Adobe to discontinue 25-year-old Animate software by March 2026
Adobe will discontinue its 2D animation software Adobe Animate on March 1, 2026, offering enterprise support through March 1, 2029 and standard support through March 2025. The decision underscores Adobe’s pivot toward AI-driven products and forces users to seek alternative animation solutions.
1. Adobe Announces Discontinuation of Adobe Animate
Adobe has confirmed that it will retire its 2D animation tool Adobe Animate on March 1, 2026, redirecting engineering resources toward AI-driven products. Existing enterprise customers will continue to receive technical support through March 1, 2029, while all other subscribers will have assistance until March 2027. The company’s FAQ cites evolving platforms and user needs as the primary reasons for the decision, noting that no single Adobe application will fully replace Animate’s comprehensive feature set. Instead, creative professionals are encouraged to adopt a combination of After Effects for keyframe animation and the Puppet tool, alongside Adobe Express for simpler photo, video and text animations. The announcement prompted significant backlash across social media, with long-time users urging Adobe to open source the software and warning that the loss of Animate could disrupt academic courses and small studios that depended on its specialized timeline and vector tools.
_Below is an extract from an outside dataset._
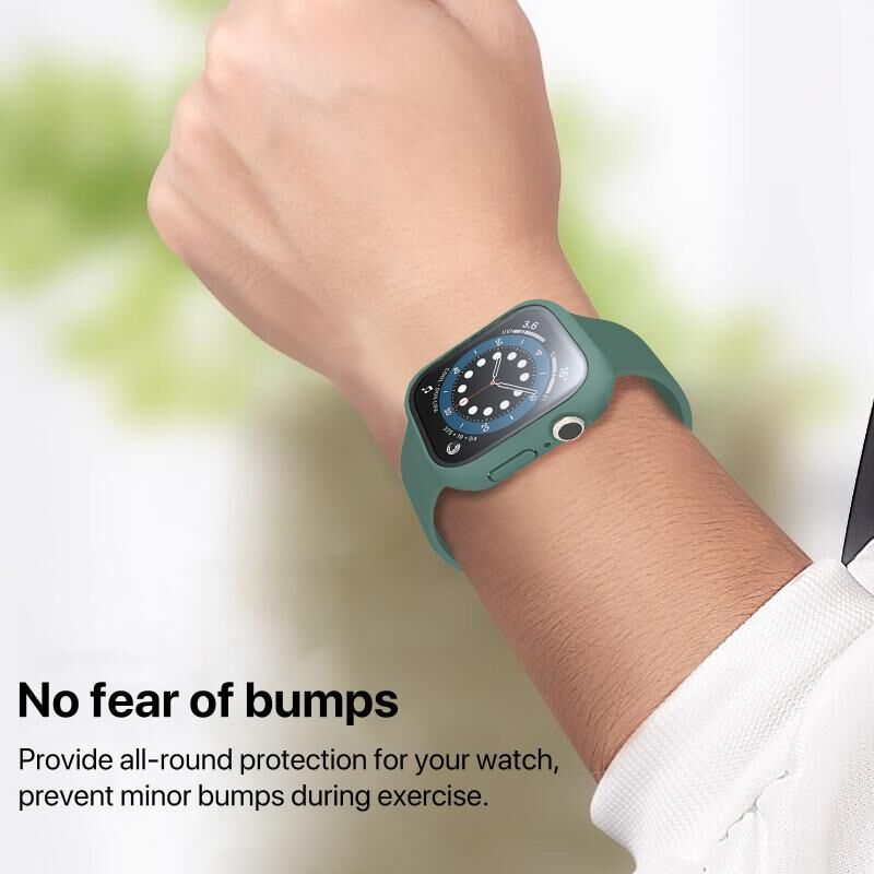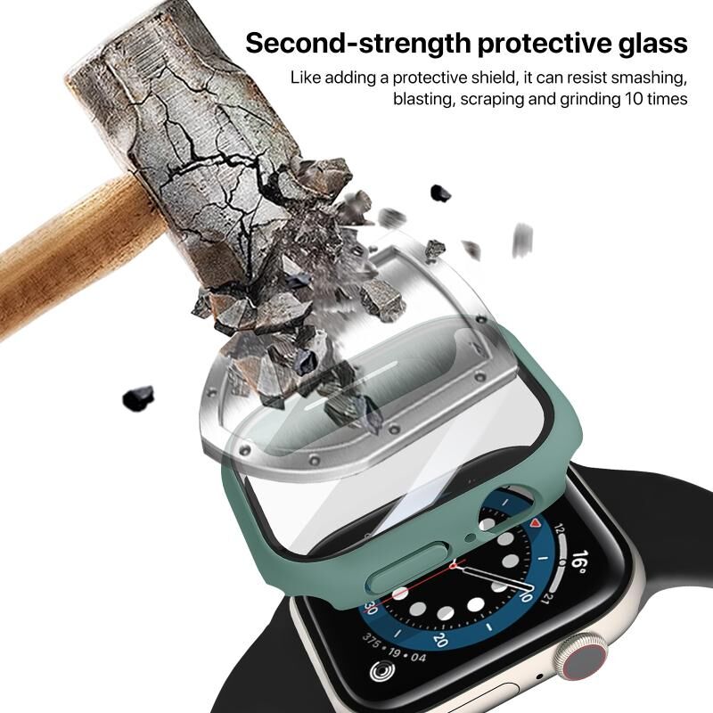 For Apple Watch Series 10 42mm PC Integrated Tempered Film Watch Case(Official Green)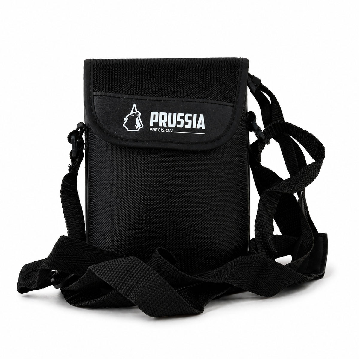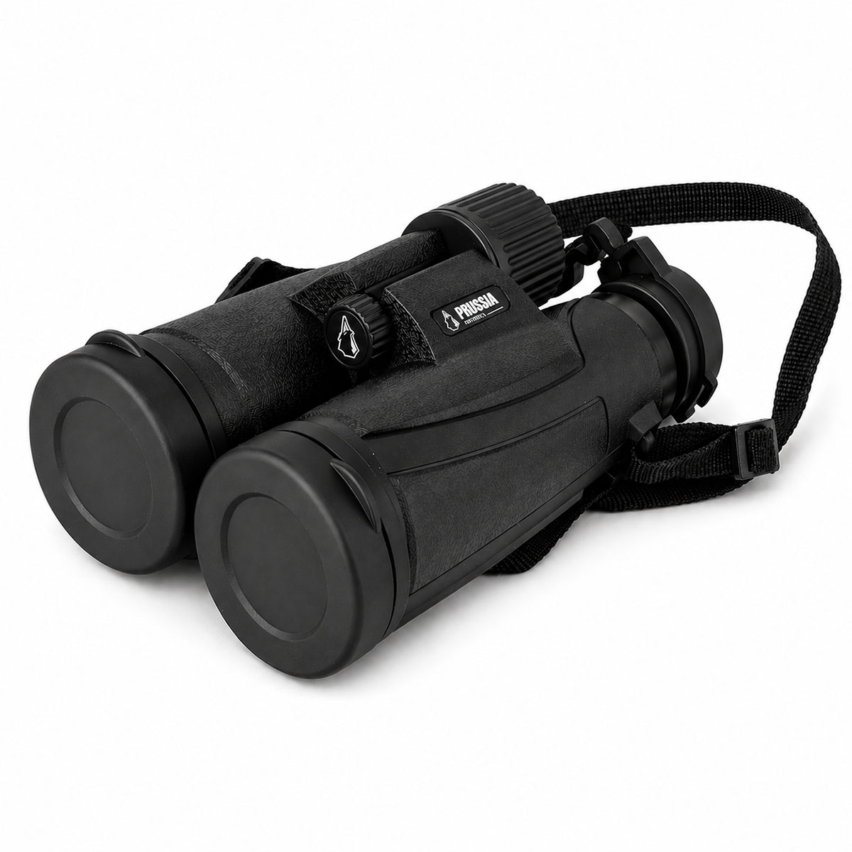 726529841114 The Prussia Precision 10×42 Binoculars are a versatile and reliable observation tool designed for hunting, outdoor use, travel, and professional field applications. With a powerful 10× magnification and a bright 42 mm objective lens, they deliver a clear and stable image for confident target identification and long-range observation. Built in a durable reinforced polycarbonate housing, the binoculars combine rugged construction with a secure, non-slip grip, ensuring reliable handling even with wet or dirty hands. The waterproof design makes them suitable for challenging weather conditions and demanding environments. Optically, the system features multilayer-coated glass lenses and a roof prism design, providing sharp image quality, good contrast, and comfortable viewing during extended use. Focus adjustment is smooth and precise through the central focusing wheel, while the right eyepiece includes diopter correction (±5) for individual vision adjustment. Twist-up eyecups allow the viewing distance to be set correctly for both eyeglass wearers and standard use, ensuring comfort and a consistent sight picture. With an angular field of view of 5.8° and a linear field of view of 110 m at 1000 m, the binoculars offer an excellent balance of magnification and situational overview. Compact enough for field carry yet powerful in performance, the Prussia Precision 10×42 binoculars are delivered as a complete kit including neck strap, protective pouch, lens caps, and cleaning cloth.

2. Adobe’s Financial Strength Versus Figma’s Rapid Growth
While Adobe’s Creative Cloud division remains the core revenue driver, the company faces intensifying competition from emerging tools like Figma, whose top-line growth is nearly four times faster than Adobe’s design business. Adobe, however, offsets slower percentage gains with scale, generating approximately $10 billion in annual free cash flow and maintaining a price-to-earnings ratio below 18. The company invested over $1 billion in research and development in its most recent fiscal year, focusing heavily on AI integrations across Photoshop, Illustrator and Premiere Pro. Investors monitoring Adobe’s margins will note that despite Figma’s popularity in collaborative UI/UX design, Adobe’s diversified product portfolio and robust cash generation capacity underpin its ability to pursue strategic acquisitions and deliver steady returns to shareholders.